My story in progress is about bringing the whole world into oneself, through sympathy, because to only see part of the world or be in part of the world is bound to make one feel empty. As Gadamer has written, even if one has experienced a new culture and context fully through hermeneutics, and assimilates it to the point of privileging it, one can never forget one's first context.
We can remember Bakhtin: hybrids emerge. Must we, even if we wish so much to respect original context, fear the hybrid? Surely, in the final analysis, there has always been much idea exchange - and then periods of assimilation and formation of tradition. When I think of "tradition" I think of Chinese calligraphy and African masks in the sense that both have very strict rules, and any innovation must be within those guidelines, never complete transformation.
I would argue that to reach such subtle lines of definition of what something "is" represents some form of transcendence. Finesse. I do not see refinement in much of the quotidian, which is not to say that it is not there, just that it is today often beneath the surface.
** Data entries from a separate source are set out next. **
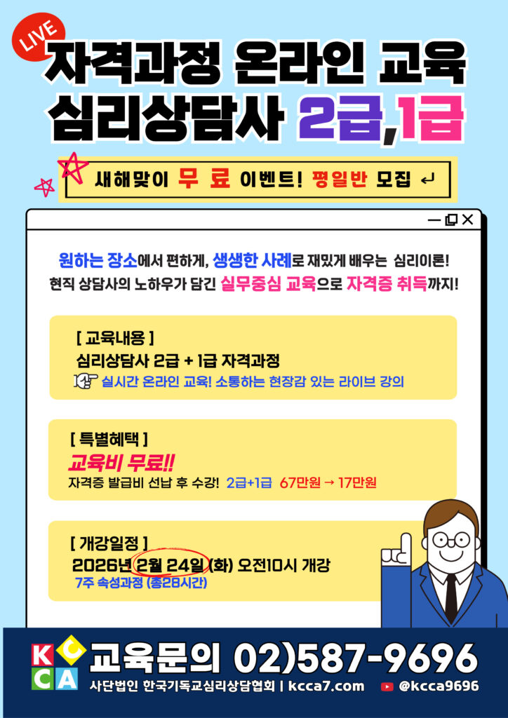 심리상담사 2급+1급 자격과정 실시간 온라인 교육
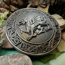 This beautifully detailed brooch shows every bit of this brave Welsh dragon - each scale and claw is picked out in solid pewter. The perfect size for a jacket, tartan, coat or cape.
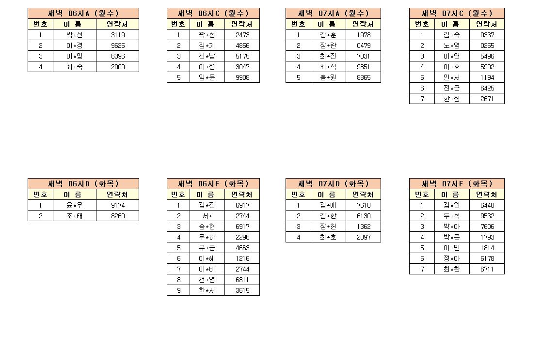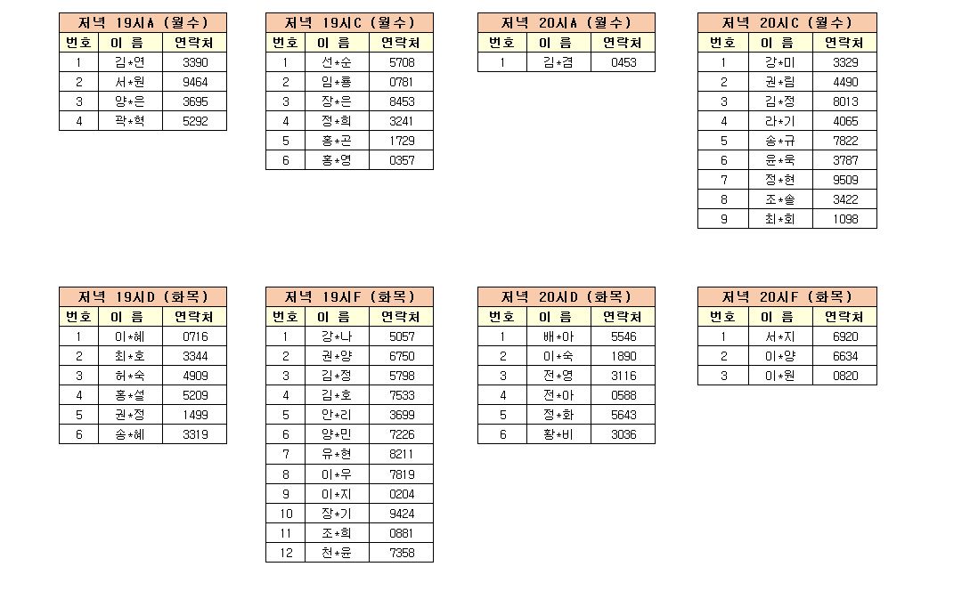 - 강습반명, 성명, 전화번호 뒷자리, 강습요일을 확인하시고 강습에 참여해 주시기 바랍니다.
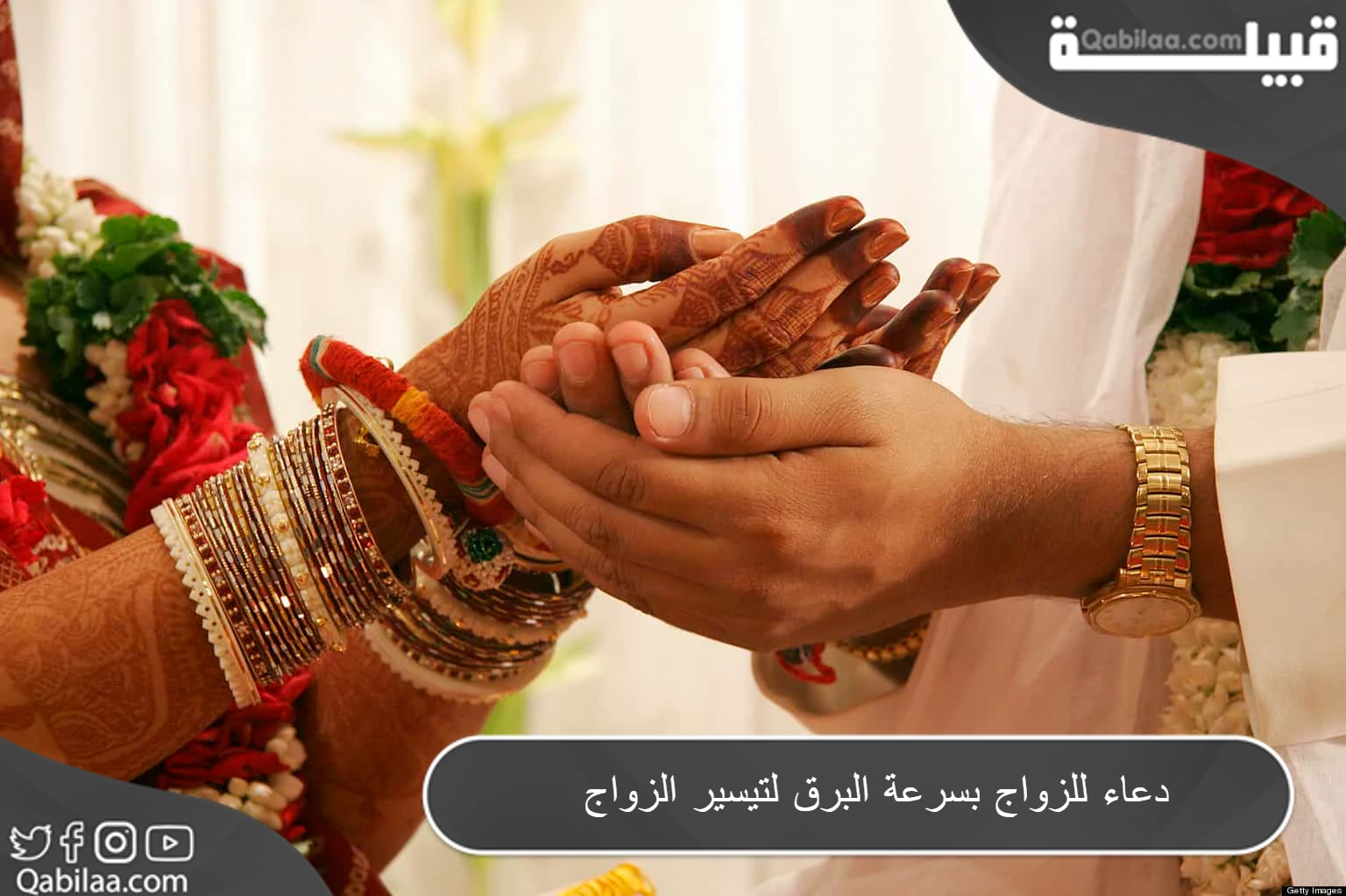 دعاء للزواج بسرعة البرق قل اللهم اني اسألك يا عالم الخفيات ويا من السماء بقدرته مبنية يا من الأرض بعزته مدحية ويامن الشمس بنوره مضيئة ويا مقبلا على كل نفس مؤمنة زكية ويا مسكن الرعب الخائفين واهل التقية ان ترزقني الزوج الصالح ونعم الرفيق المعين، اللهم إني أقسم عليك بلا اله الا الله ان ترزقنا وتقضي حاجتنا يا الله.
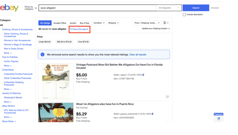 eBay上で「wow alligator」のキーワードを含む商品が出品されたら、

A holistic globe would allow for such subtleties and yet allow for the "dance of meeting from form to form" that Davenport writes of, his example being the iconographic shift of a Macedonian coin depicting the head of Hermes on one side and a winged horse on the other, morphing, from copy to copy, into the Celtic coin that forms the image on the cover of his collection of essays Every Force Evolves a Form.
Just as much as I feel tension in never quite belonging in any single place, I feel tension in my very strong penchant for the uniform (even literally) and tradition where it is most clear cut. The formula I have found to allow for free, spontaneous creative play and respect for tradition is through the hermeneutic experience which looks to first listen to the tradition and then, once one has been informed by it, look to where it relates to the present moment. One is to try very hard not to misunderstand. But this ultimately depends on whether our own experience has made us ready to receive the new information.
So in the final count, it is a problem of audiences and the "impossibility of the general audience" (Hadot). We have not always been made empty enough to hold the fullness that is life. We are sometimes impatient to understand things that we have not made ourselves worthy of, or have not completed the appropriate prerequisites to properly access.